Who would believe the Chinese make a totally unlicensed homebrew MP5? Shocking, I know, but no less true. As a matter of fact, China has been kicking out MP5-style weapons for quite some time. The most well-known variant is made by Norinco (of all companies), and is dubbed the NR-08. China has had a logistics problem since before World War II, with an overabundance of varieties and types of small arms issued to its police and military forces. So, although the MP5 is surely an improvement over older submachine guns in Chinese inventory, this addition of yet another weapon must have been bewildering. In any case, the NR-08 seems to be in use with the Chinese military, and it is definitely serving with the Chinese police, which actually comprise a much larger total force. Norinco also exports its copy to various countries, in some cases for end-use by private citizens.
Russia’s MP5 clone
If you follow international developments in the shooting and training communities, you may have noticed how westernized some former East bloc operators seem to have become. Whether it’s “Multicamski” or “M4skis,” there seems to be an incredible amount of Western-inspired (copied) material showing up in Russia these days. It should come as no surprise, then, that Russia also makes at least one MP5 clone for its military and police, as seen in use with the FSB and OMON. A variant of the same is also offered, to some extent, for sale to private citizens. With the demise of the Soviet regime and the limited opening of Russia’s borders, the country has been able to avail itself, albeit illegally, of the many distinct advantages the MP5 offers over indigenous Russian platforms such as the AKS-74U “Krinkov.”

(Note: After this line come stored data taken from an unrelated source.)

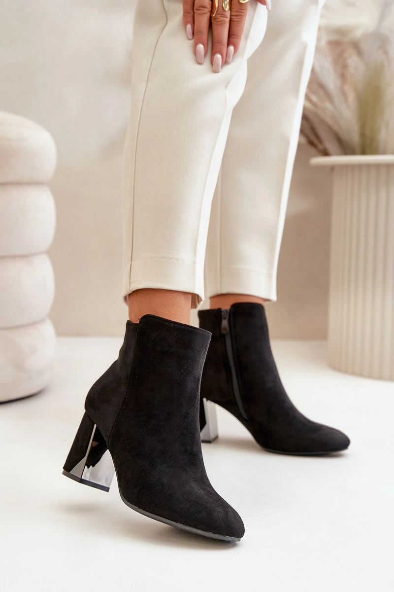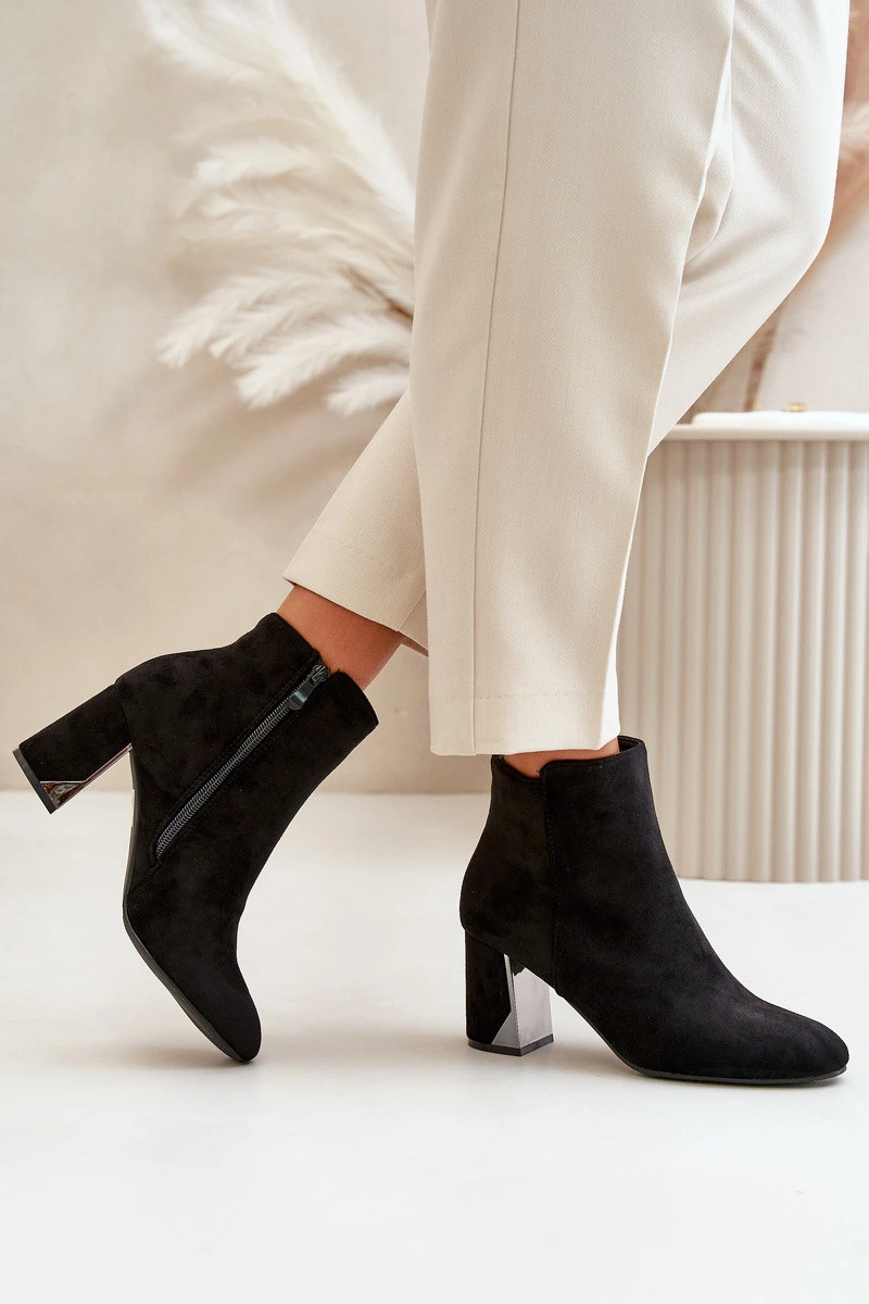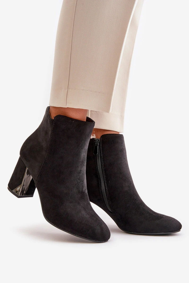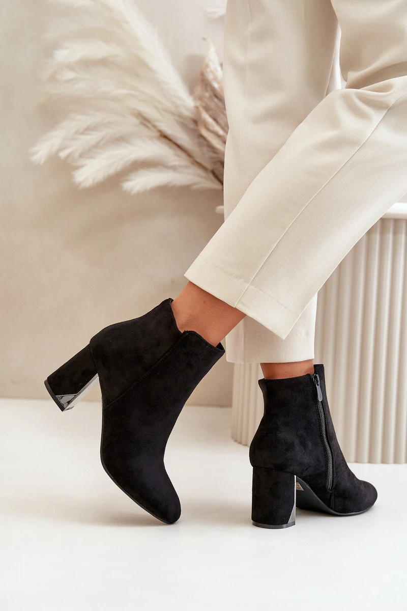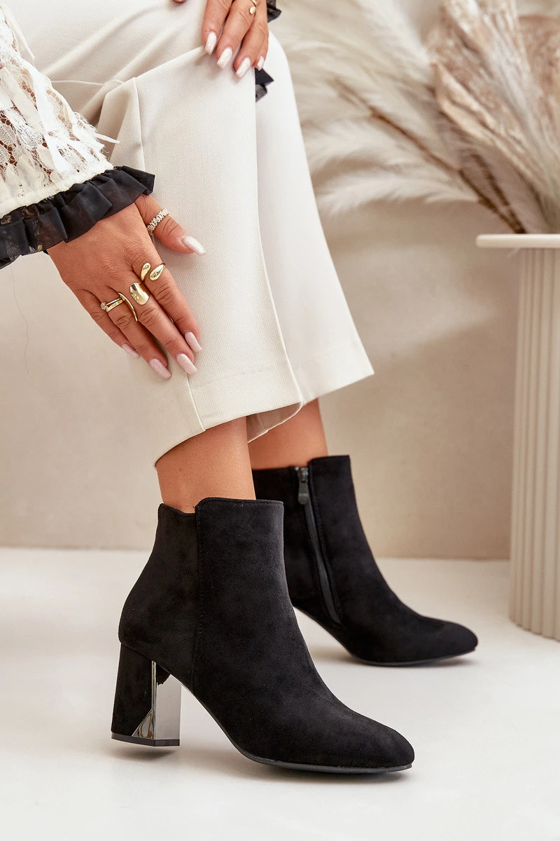 Elegantní boty z eko semiše, usazené na sloupkovém podpatku, se vyznačují špičatými špičkami, které jim dodávají šmrnc. Vnitřek je zateplený, což zajišťuje komfort v chladnějších dnech. Zapínají se na zip na boku, navíc ozdobené zlatým zipem, což dodává jedinečný styl. Při výběru velikosti se řiďte tabulkou velikostí.
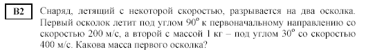 Не уверена что так. 1)Спроектируем закон сохранения импульса на направление перпендикулярное первоначальному направлению движения 0 = m₁v₁ sin(90°) - m₂v₂ sin (30°) ⇒ m₂ = m₁v₁ sin 90° /(v₂ sin(30°)) = 2m₁v₁/v₂
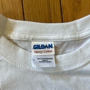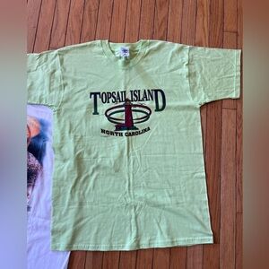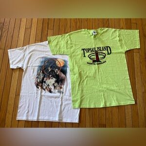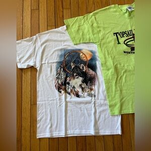 lot of 2 heavy cotton t-shirts Men’s Large Wolf Indian NC Top Soil Beach NWOT

India has a well-established small arms industry that dates back several decades. Most of the small arms produced in India are variants of British-made or British-adopted firearms such as the SMLE (Short Magazine Lee-Enfield). While recently India began designing its own firearms, the substandard performance of its INSAS rifle suggests that doing so might not be the total-solution just yet. Perhaps until it is, the Indian government will continue obtaining designs from others, as in the Indian Ordnance Factory Board’s reverse engineering of an MP5 pseudo-clone about two years ago. Named the “Anamika,” the 9mm submachine gun looks to the MP5 the way the later Ishapore rifles look to the SMLE, although the heritage of neither is in doubt. Internally, the gun appears identical to the MP5, but externally it has been altered by the addition of a rail system, a ribbed metal lower, a pistol grip possibly adapted from the INSAS, different front and rear sights, and a collapsible stock. Presumably, if the gun was reverse engineered well, it will work. But if the INSAS is any indicator, it might be more akin to an unreliable paperweight. Hopefully we’ll hear more about it in the future.